# E60 & I-Drive



## dlan (Jun 4, 2004)

I have March 2004 E60 that would only dial 911, after 2 visits to the original BMW center they updated the software in April my communication menu (when I click UP with the I-Drive wheel) in I-Drive just say "For Further Information Please Contact Your BMW Center" for both BMW Assist and the Phone menus.

After 3 more visits to 2 different service center this is still not fixed, both centers told me that this is how BMW Assist works in the latest software version and it might be fixed in Version 12 but for now I have the access BMW Assist now from the Service Settings Menu in I-Drive.

Anyone else have this issue with the I-Drive Communications Menu? I really don't understand why they would disable this menu option.

Even after all this my BMW Assist still don't work reliably, ever few day BMW Assist won't work (It Says No Network) for several hours then it start working again after I turn the car off and leave it for a while.

Also I had the BMW phone installed after the software update and both dealer is unable to get the phone to sync or work with the car since I-Drive don't have the phone menu available.
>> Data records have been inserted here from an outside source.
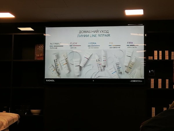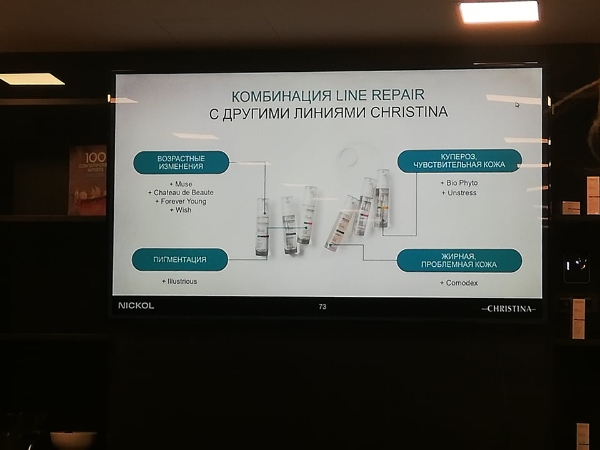 Ar jauno Line Repair līniju kosmetologus iepazīstināja vieslektore no Ukrainas Anna Budinskaja. Viņa pastāstīja ne tikai par profesionālajām, bet arī mājas kopšanas programmām. Kosmetologi uzzināja gan par aktīvajām vielām un to iedarbību, gan par līdzekļu priekšrocībām, gan par kosmētikas līdzekļu saderību ar citām Christina Laboratories līnijām.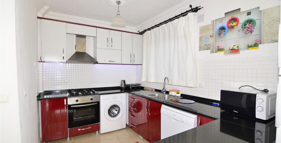 Mutfak : Villamızın geniş Amerikan mutfağı ile sizlere kendi evinizin mutfağı gibi hissettirecek. Ayrıca mutfakta klima, bulaşık makinası, buzdolabı, çamaşır makinası, mikrodalga fırın, tost makinası, ekmek kızartma, su ısıtıcısı, fırın, 4'lü ocak seti ve 4 kişilik geniş yemek masası ile tava tencere vb. mutfak araç gereçlerini kullanma fırsatını sizlere sunuyoruz.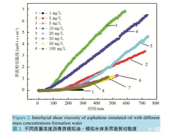 圖2.不同質(zhì)量濃度瀝青質(zhì)模擬油–模擬水體系界面剪切黏度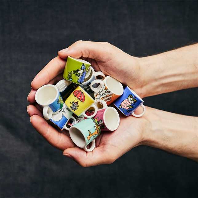 Набір з 6 міні-кухлів Arabia Moomin Classic 3 (1059959) в якому ви зустрінете знайомих жителів Долини Мумі-тролів. 12-мілілітрові кружки являють собою мініатюрні копії колекції Moomin Classics і знаходять своє застосування як сервірування столу і предметів колекціонування, так і як прикрас для різдвяної ялинки. У цьому третьому випуску міні-кухлів представлені Mymble, Too-ticky, Inspector, Little My, Sniff та Hattifatteners, як вони були зображені на своїх повнорозмірних аналогах у 2006–2009 роках.

I am so frustrated with this&#8230; this is my 5th new car but only first BMW and after only 6 weeks as a BMW owner I can't say that I would buy another BMW again. I never had this kind of problem with any of my other cars.


----------



## sj3 (Feb 25, 2004)

Hello also from NJ. It sounds like you probably visited my dealer in your travels. Do you have 525i, 530i, or 545? I'm not sure what the problem is with BMW Assist? If you can see the verizon network where you are, why can't you just hit the button up by the sunroof? I know you can also access it via service settings or something like that. Is there a third way that you need to have? You can't call the concierge that way anyway; it's a different number you can't use the car to dial. Are there that many roadside assistance situations that you need bmw assist often?

I'm sorry to hear about your phone issues. Bluetooth is a very problematic protocol, especially in vehicles. There was a recent meeting between the spec committee and vehicle manufacturers, including BMW. Or are you just trying to get the official bmw phone to work? That stinks if you can't even do that. Hopefully, v12, due out sometime between now and Sept. will fix this. It almost sounds like you might need a new iDrive system installed. One source I've found to be of great help is BMW North America. Use their 800 number and explain to someone your problem with your phone and the inability to access the phone menu in iDrive. They can help with dealer service dept. issues; I know this from direct experience. I wouldn't say anything to them about bmw assist so as not to cloud your phone issue and also I have a distinct feeling that once you have your phone working, your issues with bmw assist will also be resolved. Youi should not have to wait for v12; many people already their bmw phones installed and working. It can be a bit funky, sometimes needing to turn the phone off and back on before getting it to sync, but they certainly can access their phone menus within iDrive. Good luck.

Sam


----------



## maug1 (Apr 27, 2004)

*IDrive and BMW Assist*

I have the same issue on my march 2004 E60. BMW Assit can be accessed through theIDrive by going to the service setting--do not use the communication setting as it will not work. Most of the time (although not always) it shows that the system is working--other times for no apparent reason it does not. You can access BMW Assist through the SOS button (assuming you have a signal). I do not have a phone so I do not have your issues--I do have factory installed Sirius Radio with no problems. This is the only problem that I have with the car and I hae no reason to call BMW assist--hopefully, this is the worst problem we ever have with the car and let's keep or fingers crossed for V12.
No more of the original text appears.